Johan Zoffany, The Portraits of the Academicians of the Royal Academy, 1771-2. Own photograph.

In 1764, Zoffany was introduced to George III and Queen Charlotte who liked his meticulous painting style.  His earliest Royal portraits are striking conversation pieces showing the domestic aspect of the court.  The portraits show the Royals relaxed; the works are memorable and real.  Zoffany’s career flourished and he was in much demand.

Royal Portraits at the RA. Own photograph.

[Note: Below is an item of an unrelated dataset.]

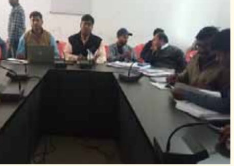
स्वच्छ भारत मिशन ग्रामीण एवं जल जीवन मिशन के तहत पेयजल एवं स्वच्छता प्रमंडल पाकुड़ के द्वारा एक दिवसीय कार्यशाला का आयोजन महेशपुर प्रखंड में आयोजित किया गया।
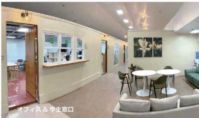
オフィス & 学生窓口

The same year, Zoffany purchased Stile House near Chiswick, situated near to the Estate of John Stuart, Third Earl of Bute.  Accounts of how they met vary greatly but John Stuart was a significant painter and collector and had commissioned Zoffany the previous year.  These are the works that I mentioned at the start – a gorgeous pair of portraits of the children of the Third Earl of Bute.  It is in this sort of work, his informal domestic or landscape scenes, that we really see how great Zoffany is.  The paintings are the same size and each is dominated by a tree against a low horizon with the figures in a broadly triangular grouping.   The tree, which was common in Zoffany’s landscapes, helps to root the sitters in the space as well as providing symbolic overtones of the family tree.  The works share a touch of playfulness; the painting of the boys emphasises important masculine qualities and pursuits appropriate to their future as leaders or heroes.   The work concentrates on themes of elite masculine privileges.  The image of the girls, however, is more feminine in style showing ideas of responsibility.  The girls are engaged in activities that suggest their nurturing and motherly qualities.  The wall label here is far too low, or maybe these boots are far too high, but it is very rare that I have to bend down to read something.

Johan Zoffany, Three Sons of John, Third Earl of Bute and Three Daughters of John, Third Earl of Bute, 1763-4. Own photograph.

Until this point the wall colours had varied so frequently that parts of the gallery resembled a darkened rainbow but from here on in the lighting improves and the gallery aesthetic seems more coherent.  Don’t get me wrong, this is a stunning exhibition of works by a stunning painter and the exhibition is uplifting.  Zoffany travelled extensively throughout his life and the penultimate room looks at his passage to India and the six years he spent there from Spring 1783; he had an astounding interest in global commerce and was always on the move.

A Passage to India. Own photograph.

This exhibition is long overdue as Tate Britain cancelled their planned Zoffany show in 2010, worried that there wouldn’t be enough public interest.  Zoffany may not have the fame of Reynolds, Gainsborough or Hogarth but he is a fascinating artist whose life deserves the attention it is now receiving.  He may well always be an outsider but maybe it is this that should interest us the most.   The journalist with me yesterday morning was not a Zoffany fan but I was not deterred by his initial despondency and I’m pleased to say that, partly thanks to my infectious enthusiasm, by the end of the exhibition he was a convert.

Zoffany’s works are about human behaviour, covering all aspects of 18th century society.  Not enough people know about Zoffany but through these 60 or so paintings and a selection of drawings and prints it becomes easy to argue his importance to the artistic culture and heritage of the 18th century.  The catalogue is a beautifully designed book providing an in-depth look at his career.

I came out feeling calmer and ready to tackle the day, immersed into Zoffany’s 18th century society.

Johan Zoffany RA: Society Observed is at the Royal Academy from Saturday 10th March until 10th June 2012, www.royalacademy.org.uk.